Возвращаясь к вопросу, заданному в самом начале статьи, — о возможной методологии будущих исследований творчества Платонова — нельзя не согласиться с позицией А. Магуна: “Наследие русской революции 1917 года — и в смысле достижений и шансов, и в смысле поставленных проблем, и в смысле опасностей — до сих пор остается во многом неосвоенным… Андрей Платонов представляется мне одним из центральных интеллектуалов периода русской революции, который был не просто прозаиком, но ярким диалектическим мыслителем, всегда уделявшим особое внимание революционной событийности как горизонту своей жизни и творчества” (Магун 2011).

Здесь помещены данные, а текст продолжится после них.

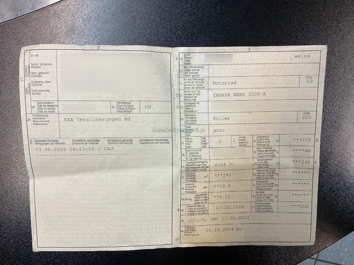| Fahrzeugausweis | Vorhanden |
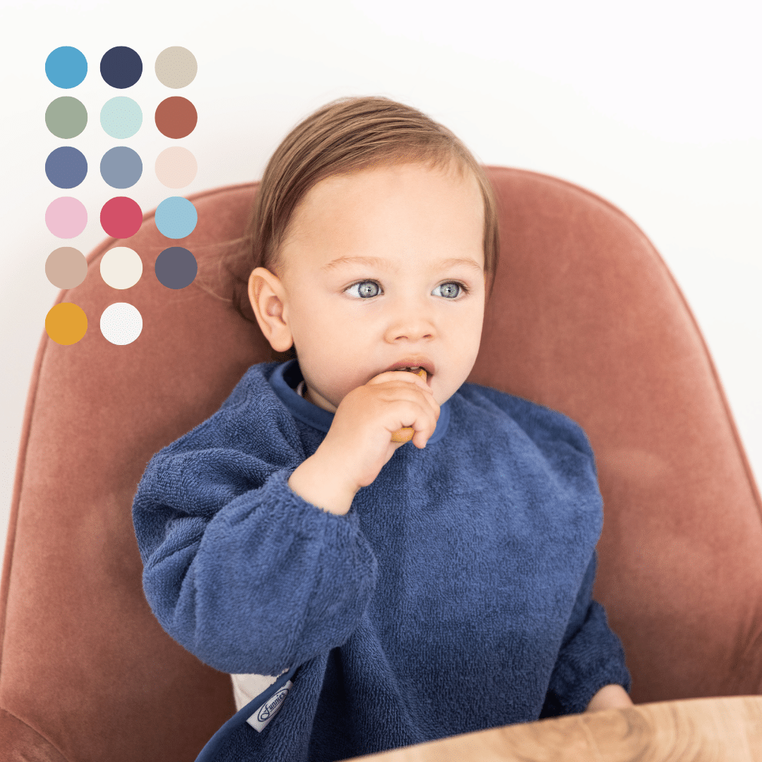 Slabber Met Mouw Funnies Uni Stone Green De handige slab met lange mouwen is van het merk Funnies. De slab heeft een mooie uni kleur en is gemaakt van 100% zuiver katoen en badstof. De slab is goed absorberend en kan op 40 graden gewassen worden. Was de slabber wel eerst voordat je ze gaat gebruiken. Na enkele wasbeurten is de absorberende werking van de badstof optimaal.  Verkrijgbaar in meerdere mooie trendy kleuren.  Slabber Met Mouw Uni 14806 Stone Green
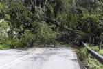 Agentes da Defesa Civil de Campos do Jordão e do DER estão no local para a retirada da árvore
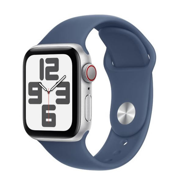 Apple Watch SE GPS + Cellular 44mm Silver Aluminium Case with Denim Sport Band - S/M,Model A2724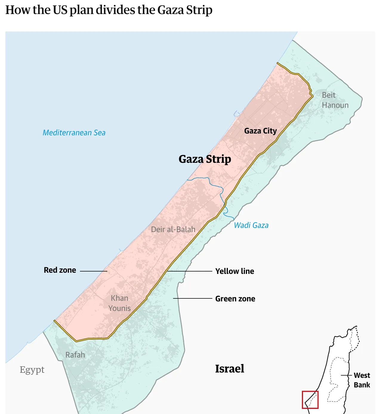 “The US is planning for the long-term division of Gaza into a ‘green zone’ under Israeli and international military control, where reconstruction would start, and a ‘red zone’ to be left in ruins.”

Андрей Платонов — это “душа социализма”, “органический интеллектуал” (А. Грамши), “поэт” и “критик” в одном лице (Лукач), соединивший в себе архаику народного сознания — и технологицизм европейского дискурса; “риторику” дискурса Нового времени, то есть логику, технологичность, политику, — и его символический “поэтический язык” (Ю. Кристева); амбивалентность революционного события (Ф. Лаку-Лабарт, Ж.-Л. Нанси) — и его “негативную диалектику” (Гегель, Маркс, Адорно).
Поэтому поиски идентичности, связанные в советском дискурсе времен Андрея Платонова с “тоской” (“меланхолией” Фрейда, Беньямина, Флэтли)18 по новому человеку, повествующие о трудности его создания и, в конечном счете, о почти невероятной сложности человеческой “переделки”, в творчестве Платонова обрели, в соответствии со спецификой его творческой индивидуальности, форму своеобразного и до сих пор весьма современного философско-антропологического метакомментария к самому советскому дискурсу.

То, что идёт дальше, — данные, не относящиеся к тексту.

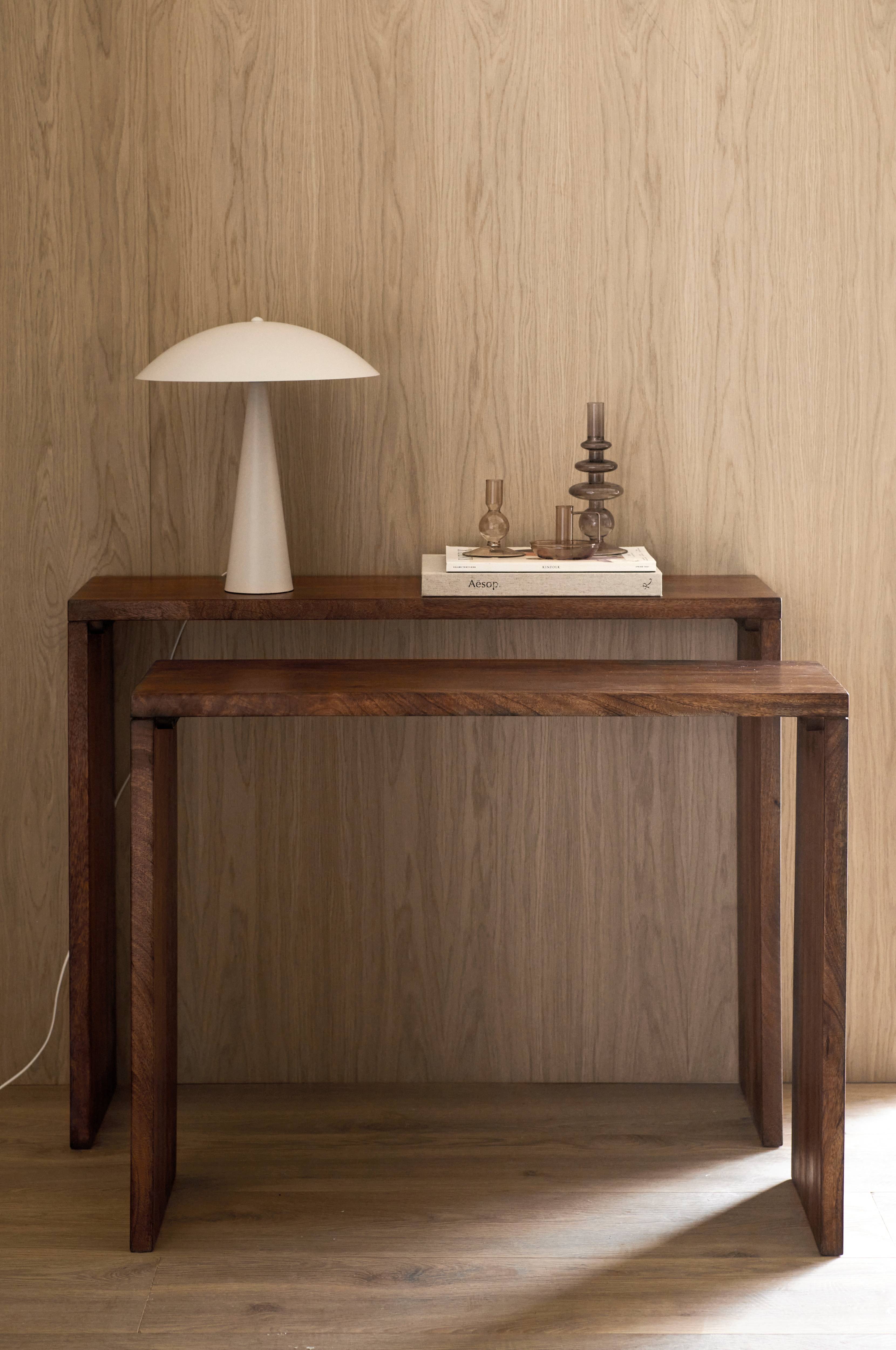 2 st sidobord / skrivbord i olika storlekar. Kan användas separat eller tillsammans. Av massivt mangoträ med vaxad finish. Lev. monterade.

Платонов оказался “телом-транзитом” (В. Подорога) и “техником-политтехнологом” (Ю. Кристева) в одном лице, размножив это странное амбивалентное состояние в персонажах, конфликтах и ситуациях своей прозы.

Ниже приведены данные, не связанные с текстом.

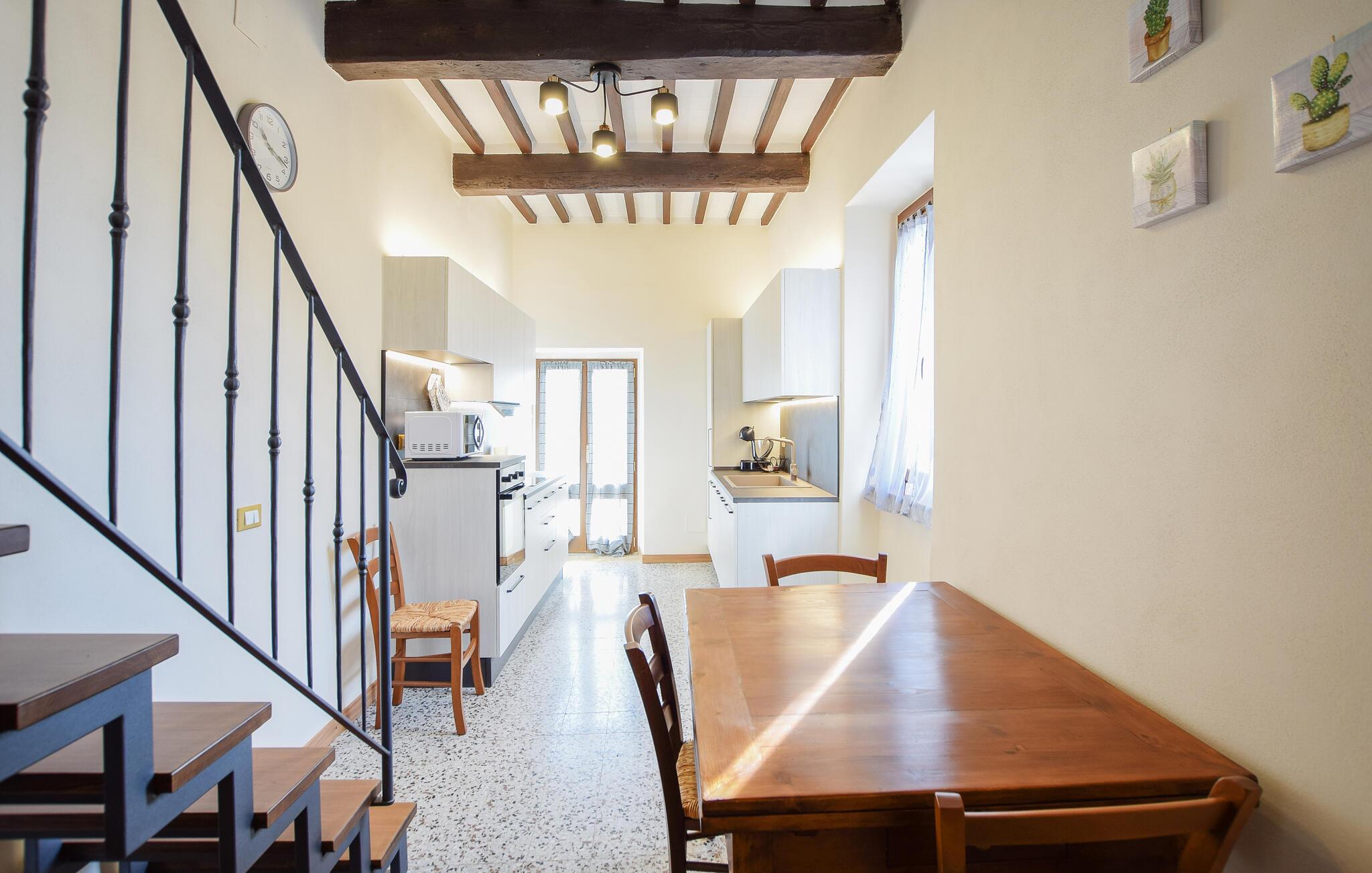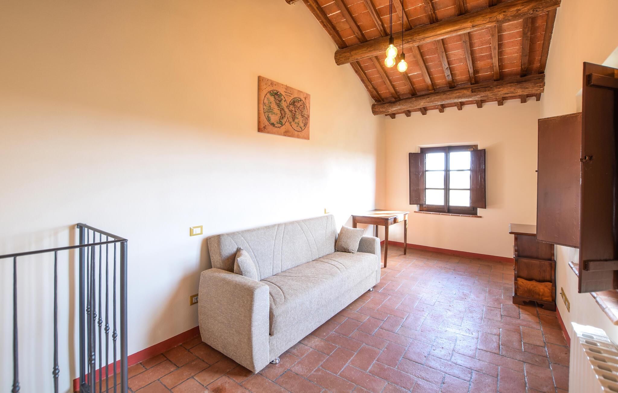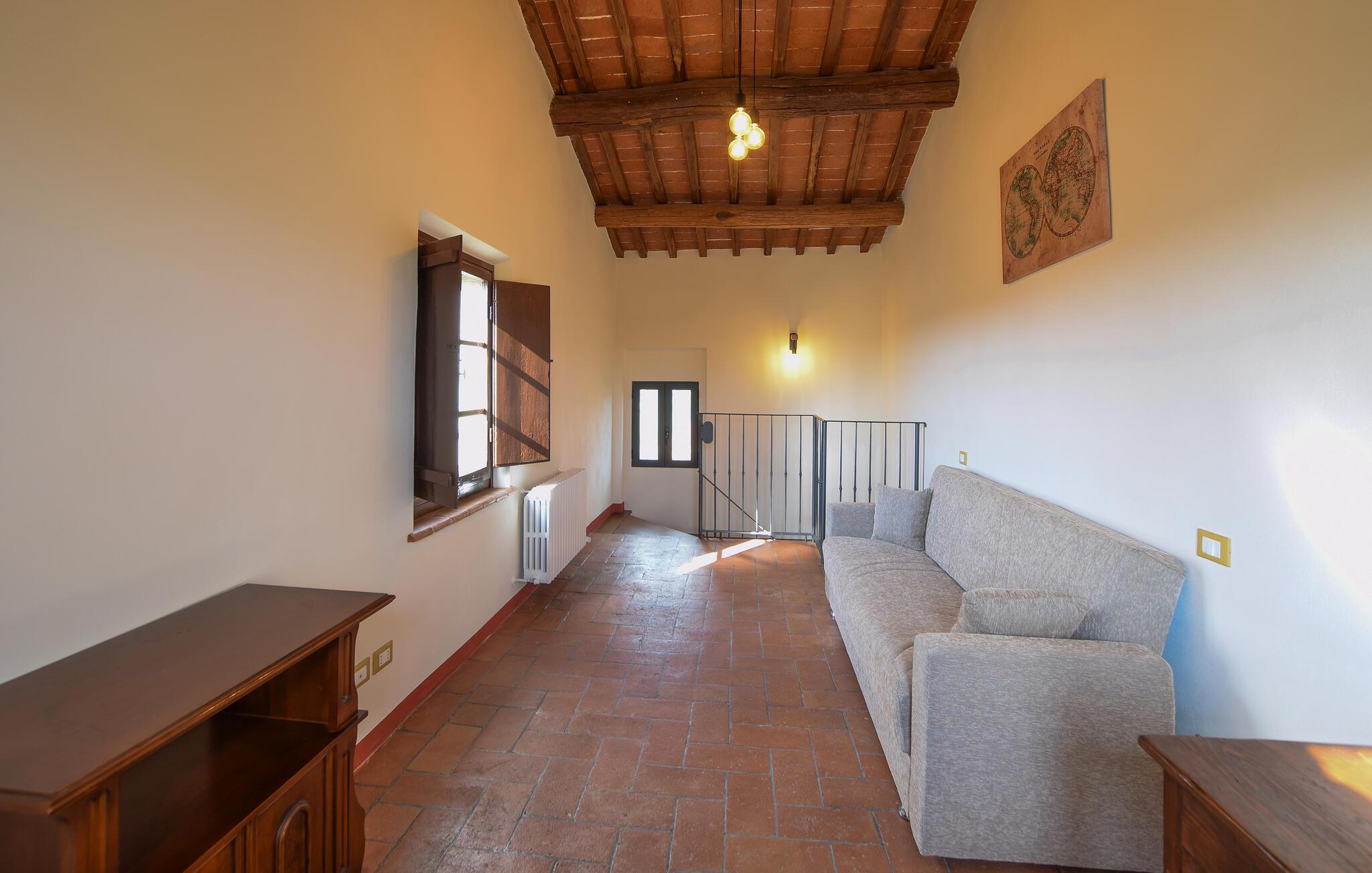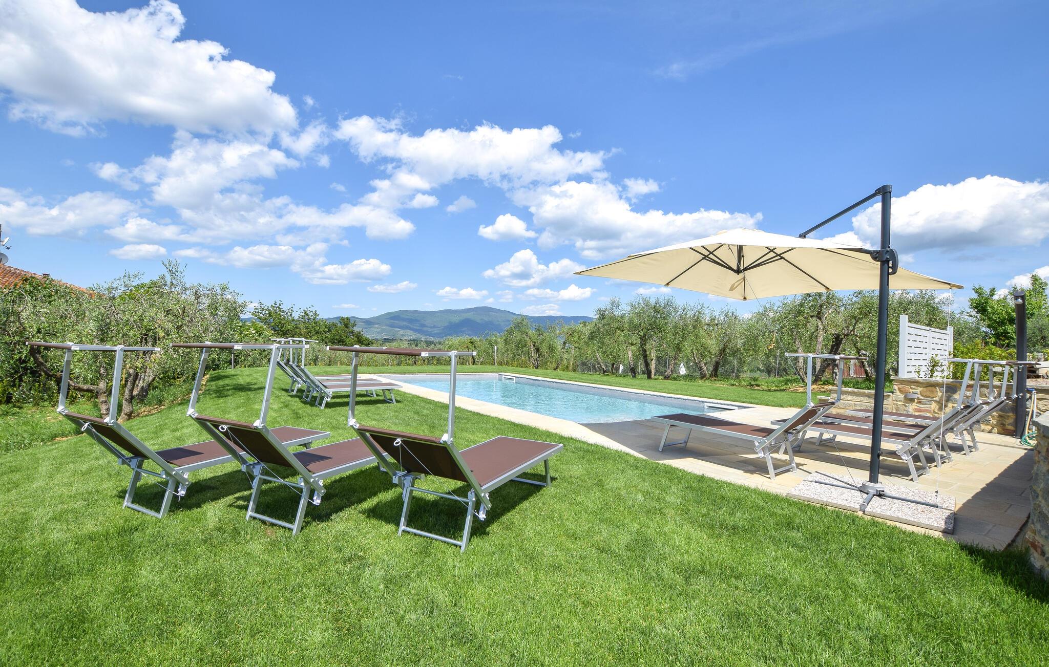 Willkommen in Ihrem Ferienhaus in Fratticciola di Cortona. Diese liebevoll renovierte Haushälfte eines historischen Bauernhofs bietet Ihnen eine ideale Mischung aus rustikalem Charme und modernem Komfort. Genießen Sie den Tag auf der Terrasse, wo bequeme Sitzmöglichkeiten und ein Sonnenschirm für Schatten sorgen. Entspannen Sie am privaten Pool, umgeben von einem gepflegten Rasen und Olivenhainen, und lassen Sie die Seele baumeln.

В то же время как автор он одержал несомненную и очень трудную победу: стал, по определению Ю. Кристевой19, не “риториком”, но “стилистом”, использовав амбивалентность пореволюционной ситуации для уловления языка в ловушку и превращения его в окружающий писателя со всех сторон советский дискурс. Так литературный язык стал не сказом, не маской, но самой эпохой, ее языковым сознанием и судьбой. Это и придало платоновскому “говорению о времени” необыкновенную языковую индивидуальность, до сих пор ни с чем и ни с кем не сопоставимую. Неповторимый “идиолект” Платонова — одновременно награда и расплата за эту “коперниканскую” языковую революцию.
На наш взгляд, платоновская писательская стратегия на современном этапе наиболее адекватно может быть представлена при помощи постструктуралистского подхода с его принципом символического обмена (Ж. Бодрийяр), деконструкции (Ж. Деррида) и интерпретации советского проекта как он есть “на поверхности его официальной репрезентации” (Гройс 1993; 2007).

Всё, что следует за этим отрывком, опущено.